• **Records shown**

+---+

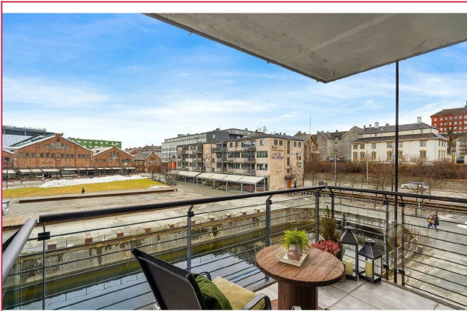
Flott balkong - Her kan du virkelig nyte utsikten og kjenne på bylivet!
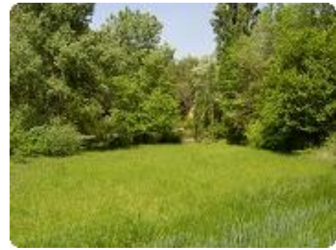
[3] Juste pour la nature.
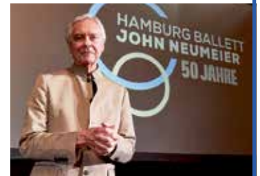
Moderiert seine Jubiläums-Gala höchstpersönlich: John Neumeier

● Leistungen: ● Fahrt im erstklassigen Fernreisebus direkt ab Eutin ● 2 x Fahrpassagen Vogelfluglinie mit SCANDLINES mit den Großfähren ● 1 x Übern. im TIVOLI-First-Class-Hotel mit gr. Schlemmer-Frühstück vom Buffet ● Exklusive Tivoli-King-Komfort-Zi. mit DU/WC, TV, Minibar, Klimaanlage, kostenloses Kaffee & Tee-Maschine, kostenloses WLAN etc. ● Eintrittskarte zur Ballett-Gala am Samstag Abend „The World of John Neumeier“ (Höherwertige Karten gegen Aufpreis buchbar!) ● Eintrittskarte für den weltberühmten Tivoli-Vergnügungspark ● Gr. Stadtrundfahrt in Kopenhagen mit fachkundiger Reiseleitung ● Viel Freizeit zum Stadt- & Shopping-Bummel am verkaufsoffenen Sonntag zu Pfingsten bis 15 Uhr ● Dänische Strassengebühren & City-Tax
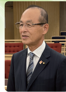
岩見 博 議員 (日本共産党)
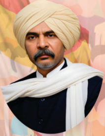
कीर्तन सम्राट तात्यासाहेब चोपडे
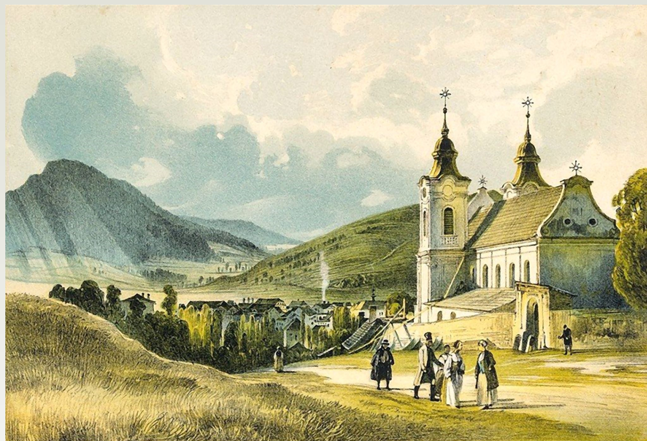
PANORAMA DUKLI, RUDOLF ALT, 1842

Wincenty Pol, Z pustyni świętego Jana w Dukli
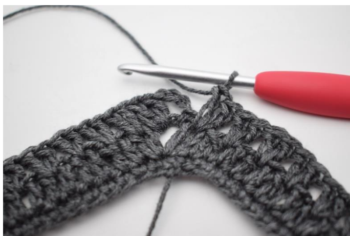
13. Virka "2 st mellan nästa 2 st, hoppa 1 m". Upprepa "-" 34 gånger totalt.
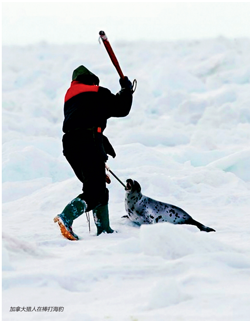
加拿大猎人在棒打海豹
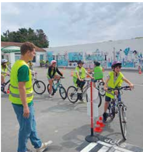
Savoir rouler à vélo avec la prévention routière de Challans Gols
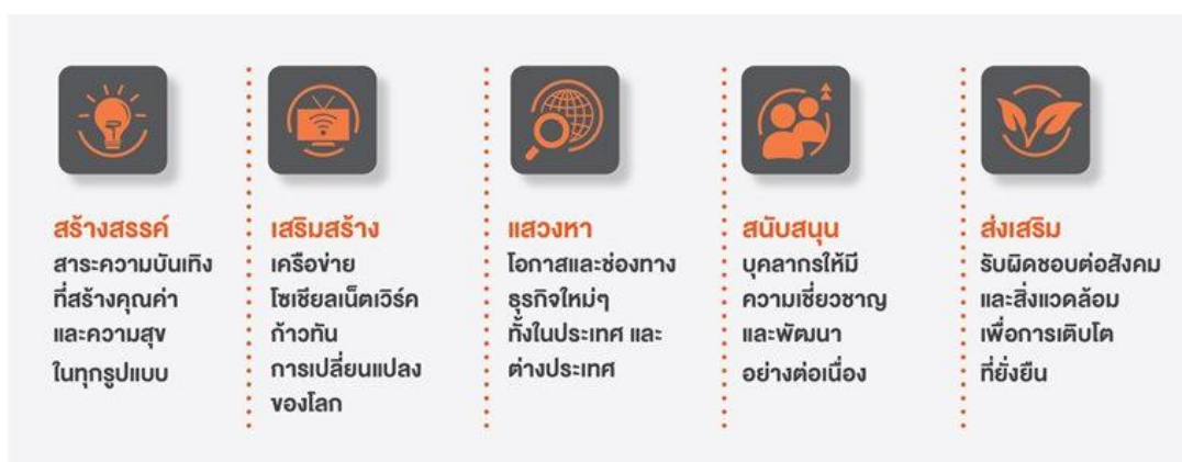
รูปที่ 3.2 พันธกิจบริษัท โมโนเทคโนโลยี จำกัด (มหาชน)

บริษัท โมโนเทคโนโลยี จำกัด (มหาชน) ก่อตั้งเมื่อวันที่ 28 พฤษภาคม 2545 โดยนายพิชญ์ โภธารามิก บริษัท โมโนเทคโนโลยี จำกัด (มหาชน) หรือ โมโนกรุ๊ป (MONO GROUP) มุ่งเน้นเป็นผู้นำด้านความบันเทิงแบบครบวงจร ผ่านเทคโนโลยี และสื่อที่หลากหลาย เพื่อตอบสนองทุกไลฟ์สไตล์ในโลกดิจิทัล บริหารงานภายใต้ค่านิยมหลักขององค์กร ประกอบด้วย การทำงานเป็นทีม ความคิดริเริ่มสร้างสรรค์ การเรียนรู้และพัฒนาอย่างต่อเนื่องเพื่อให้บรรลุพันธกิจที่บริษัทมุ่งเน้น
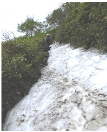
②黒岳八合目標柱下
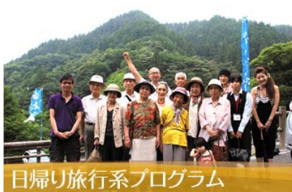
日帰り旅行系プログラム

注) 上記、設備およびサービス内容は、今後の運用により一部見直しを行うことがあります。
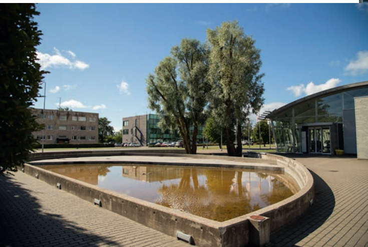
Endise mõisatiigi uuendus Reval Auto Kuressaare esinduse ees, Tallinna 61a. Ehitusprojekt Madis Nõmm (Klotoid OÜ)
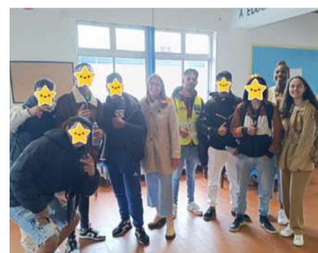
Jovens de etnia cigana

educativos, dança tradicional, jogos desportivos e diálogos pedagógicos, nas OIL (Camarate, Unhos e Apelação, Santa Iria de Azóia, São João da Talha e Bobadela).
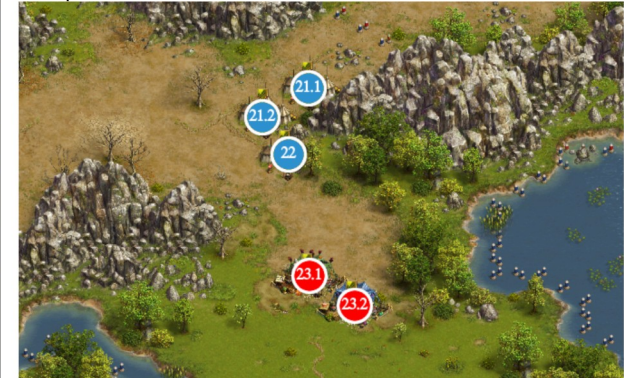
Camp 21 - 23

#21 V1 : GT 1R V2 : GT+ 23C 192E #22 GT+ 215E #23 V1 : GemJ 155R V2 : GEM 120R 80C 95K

+---+

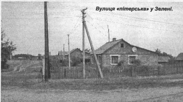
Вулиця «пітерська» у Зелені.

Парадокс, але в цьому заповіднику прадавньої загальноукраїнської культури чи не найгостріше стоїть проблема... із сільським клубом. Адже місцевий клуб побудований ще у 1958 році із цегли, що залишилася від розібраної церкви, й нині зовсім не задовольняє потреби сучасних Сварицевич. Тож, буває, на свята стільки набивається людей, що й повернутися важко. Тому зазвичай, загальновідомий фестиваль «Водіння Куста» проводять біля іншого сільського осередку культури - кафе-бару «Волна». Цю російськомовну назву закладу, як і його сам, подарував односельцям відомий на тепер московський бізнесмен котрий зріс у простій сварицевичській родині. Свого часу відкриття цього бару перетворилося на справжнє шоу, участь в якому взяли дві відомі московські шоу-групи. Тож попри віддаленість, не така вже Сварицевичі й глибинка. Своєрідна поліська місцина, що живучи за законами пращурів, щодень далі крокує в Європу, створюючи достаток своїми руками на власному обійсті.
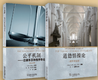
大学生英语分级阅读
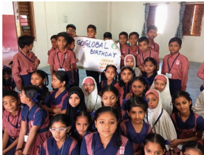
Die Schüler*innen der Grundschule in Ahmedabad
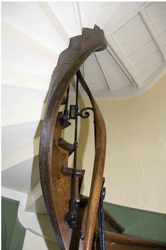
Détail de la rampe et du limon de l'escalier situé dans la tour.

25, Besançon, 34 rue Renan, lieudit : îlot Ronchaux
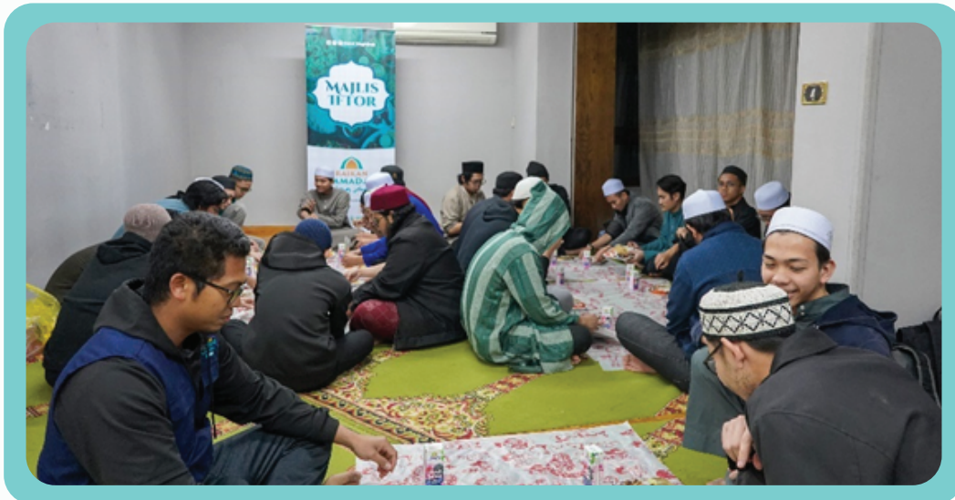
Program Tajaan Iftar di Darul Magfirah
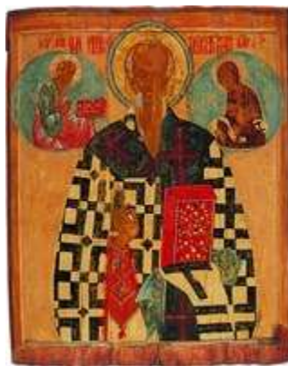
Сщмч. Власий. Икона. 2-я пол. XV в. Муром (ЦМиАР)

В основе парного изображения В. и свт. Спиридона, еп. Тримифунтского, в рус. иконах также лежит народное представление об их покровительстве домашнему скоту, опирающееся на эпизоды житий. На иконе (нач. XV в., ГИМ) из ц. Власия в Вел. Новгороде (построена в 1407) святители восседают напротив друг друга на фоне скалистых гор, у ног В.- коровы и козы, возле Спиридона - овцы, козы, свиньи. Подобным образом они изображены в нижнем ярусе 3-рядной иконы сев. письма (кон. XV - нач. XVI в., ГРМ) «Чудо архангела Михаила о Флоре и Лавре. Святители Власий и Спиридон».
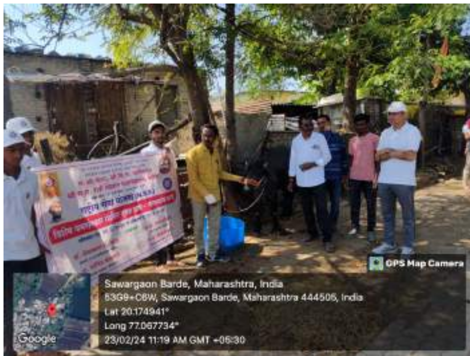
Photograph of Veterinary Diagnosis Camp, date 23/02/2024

+---+

• **How to complete this task**
Please give an exact copy of the entries above, from the line with "Camp 21 - 23" down to the line with "#21 V1 : GT", inclusive, and nothing else.

• **Exercise output**
Camp 21 - 23

#21 V1 : GT 1R V2 : GT+ 23C 192E #22 GT+ 215E #23 V1 : GemJ 155R V2 : GEM 120R 80C 95K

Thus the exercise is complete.